• TASK TO COMPLETE: Your answer should hold only the lines from the one with "Odebranie nagrody Defender" through the end of the records, repeated exactly and minus any pictures.

****************

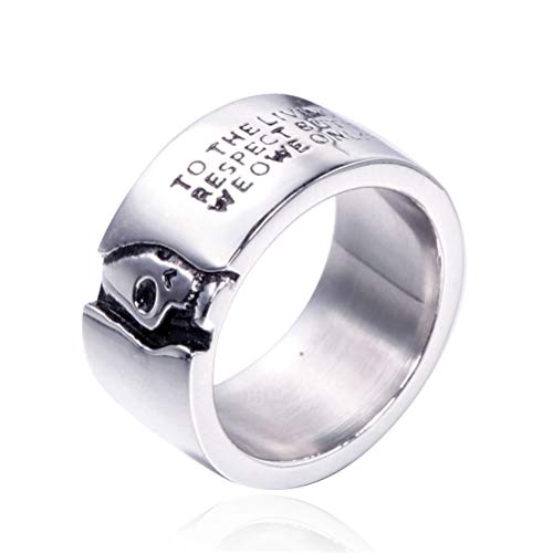 HIJONES Anello da Uomo Vintage in Acciaio Inossidabile con Teschio Freddo, Cinturino Largo 11mm con metà Faccia della Testa di Scheletro Taglia 25
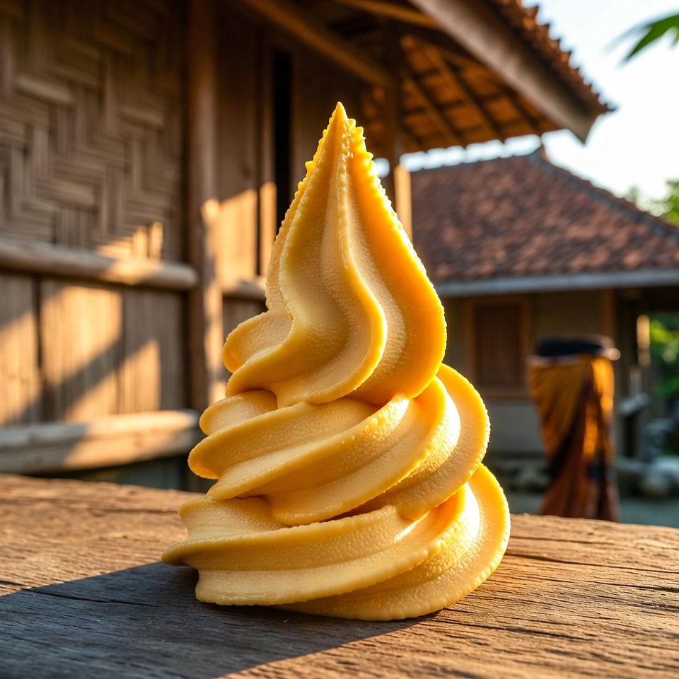 - Setelah beku, hidangan siap disajikan.
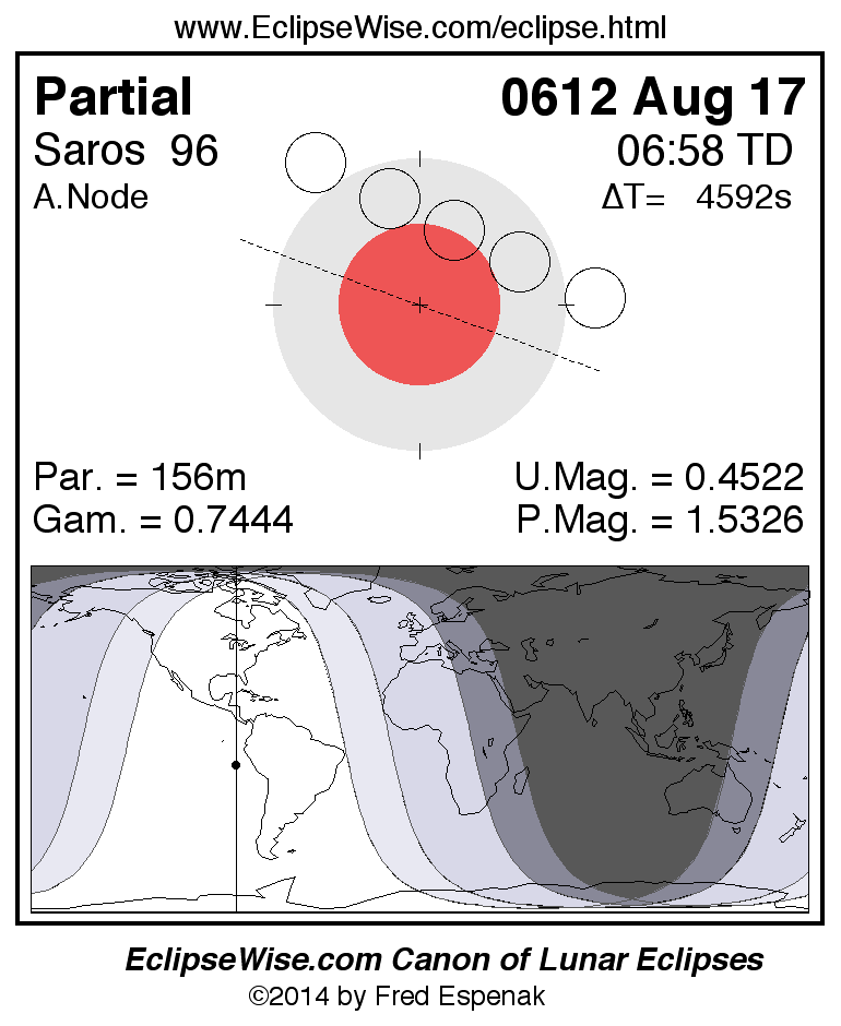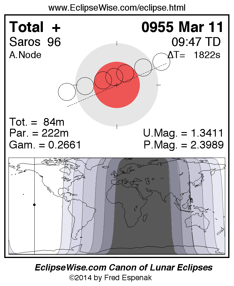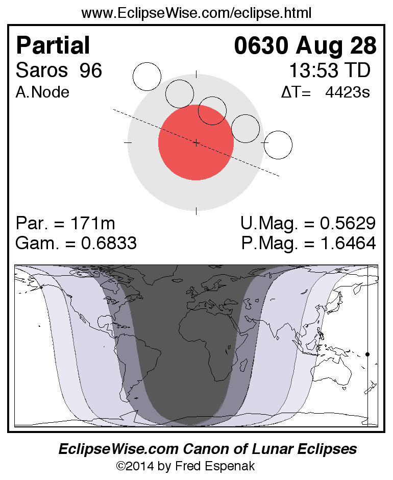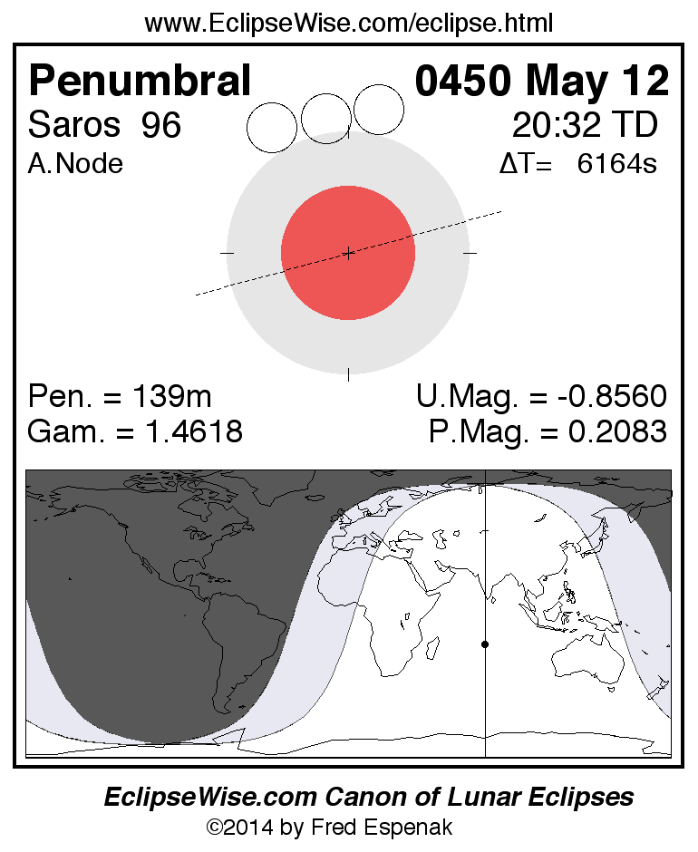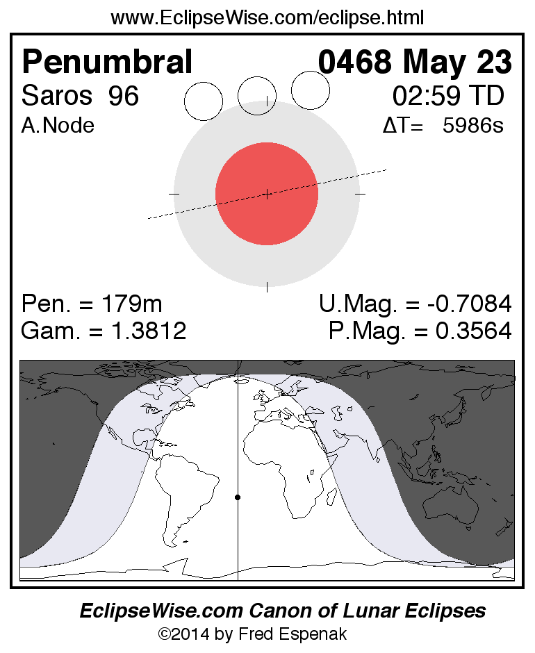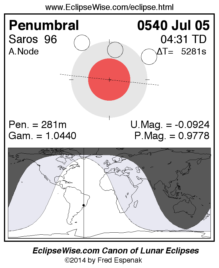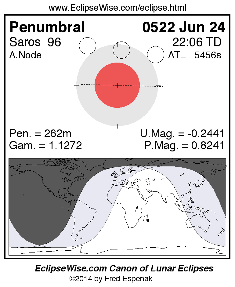 A panorama of all lunar eclipses belonging to Saros 96 is presented here. Each figure shows the Moon's path with respect to Earth's penumbral and umbral shadows. Below the path is a map depicting the geographic region of visibility for the eclipse. The date and time are given for the instant of Greatest Eclipse. Every figure serves as a hyperlink to the EclipseWise Prime page for that eclipse with a larger figure and complete details for the eclipse. Visit the Key to Lunar Eclipse Figures for a detailed explanation of these diagrams. Near the bottom of this page are a series of hyperlinks for more on lunar eclipses.
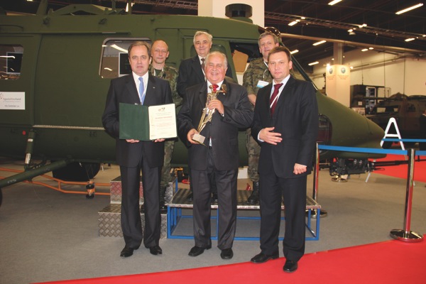 Odebranie nagrody Defender na targach MSPO w Kielcach. W pierwszym rzędzie: w środku Dyrektor ITWL – prof. nadzw. dr hab. inż. Ryszard Szczepanik, po lewej Zastępca ds. naukowych – dr hab. inż. Andrzej...
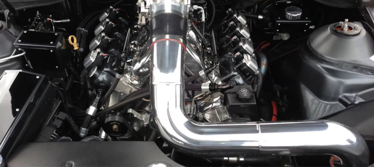 The motivation for those stellar time slips comes from an IPS built twin-turbo 427ci LSX with cylinder heads and the intake manifold from All Pro. An Aeromotive Pro Series fuel system keeps the boosted LSX happy, and the power gets transferred through a Turbo 400 transmission built by RPM on its way to a DSS Ford 9-inch center section that still uses the stock IRS configuration. Traction is provided by a set of 15-inch Weld wheels wrapped in Mickey Thompson Drag Radials.
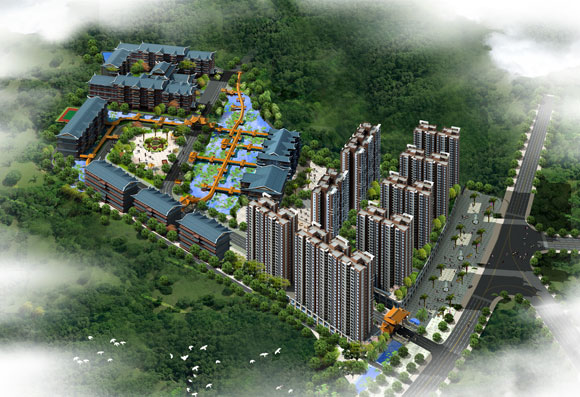 華龍村蓮湖花園商住樓·鳥瞰效果圖
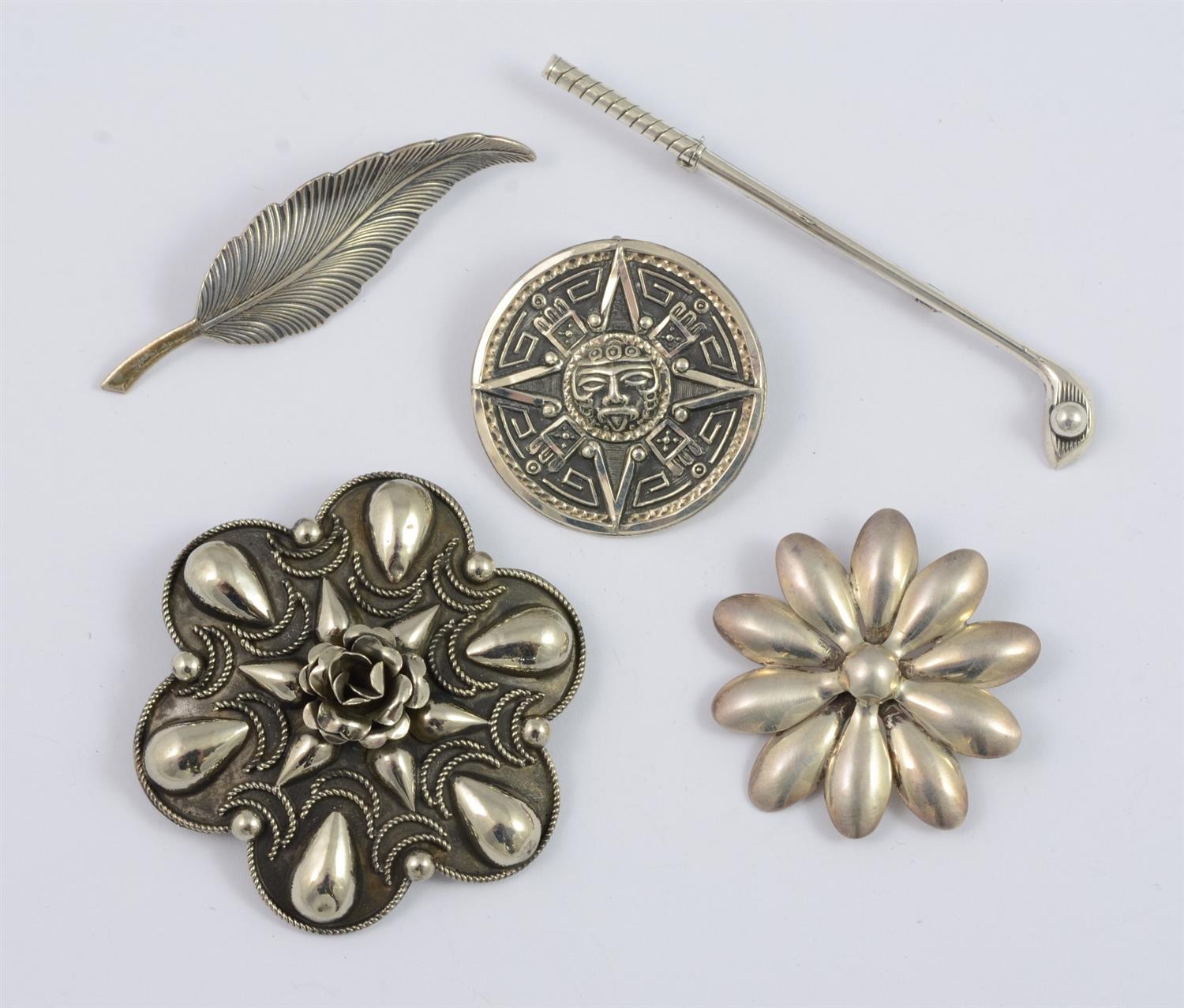 (5) Silver Pins, including Beau Sterling, Danecraft, ALP, Mexico, largest 3 long, total weight 1.125 TO
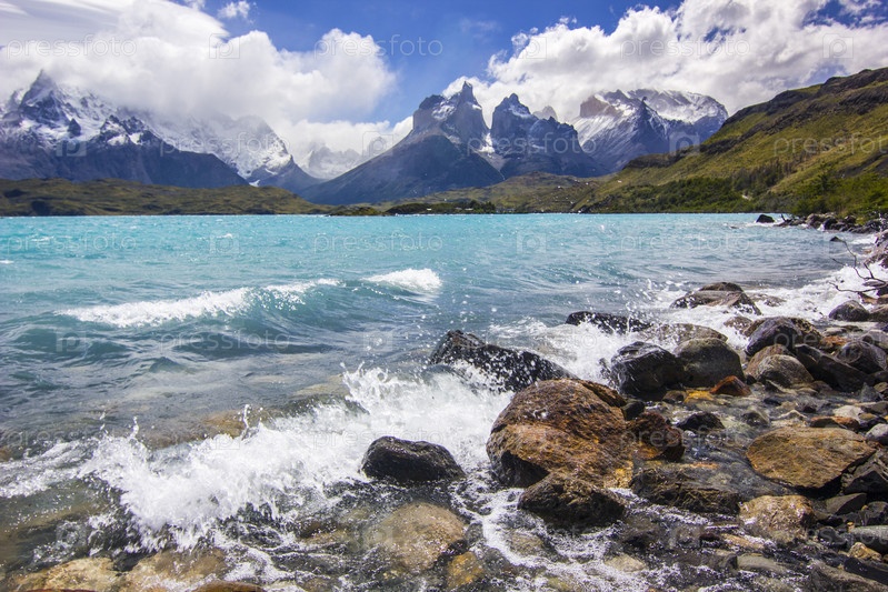 Горы Патагонии в дымке при дневном свете с голубым озером
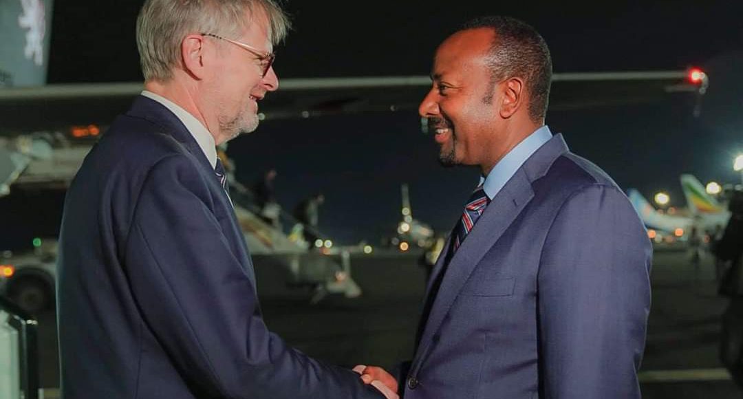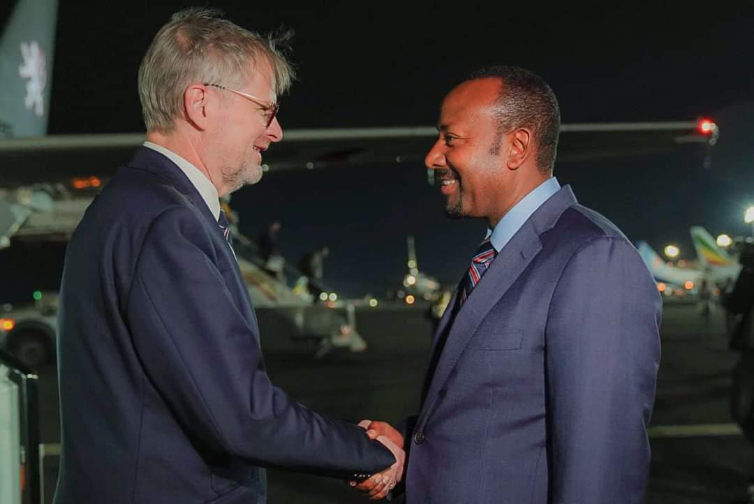 وكان في إستقباله لدى وصوله مطار بولي الدولي، رئيس الوزراء أبي أحمد، ومسؤولين رفيعي المستوى في الحكومة الإثيوبية.

****************

• EXERCISE SOLUTION:
 Odebranie nagrody Defender na targach MSPO w Kielcach. W pierwszym rzędzie: w środku Dyrektor ITWL – prof. nadzw. dr hab. inż. Ryszard Szczepanik, po lewej Zastępca ds. naukowych – dr hab. inż. Andrzej...
 The motivation for those stellar time slips comes from an IPS built twin-turbo 427ci LSX with cylinder heads and the intake manifold from All Pro. An Aeromotive Pro Series fuel system keeps the boosted LSX happy, and the power gets transferred through a Turbo 400 transmission built by RPM on its way to a DSS Ford 9-inch center section that still uses the stock IRS configuration. Traction is provided by a set of 15-inch Weld wheels wrapped in Mickey Thompson Drag Radials.
 華龍村蓮湖花園商住樓·鳥瞰效果圖
 (5) Silver Pins, including Beau Sterling, Danecraft, ALP, Mexico, largest 3 long, total weight 1.125 TO
 Горы Патагонии в дымке при дневном свете с голубым озером
 وكان في إستقباله لدى وصوله مطار بولي الدولي، رئيس الوزراء أبي أحمد، ومسؤولين رفيعي المستوى في الحكومة الإثيوبية.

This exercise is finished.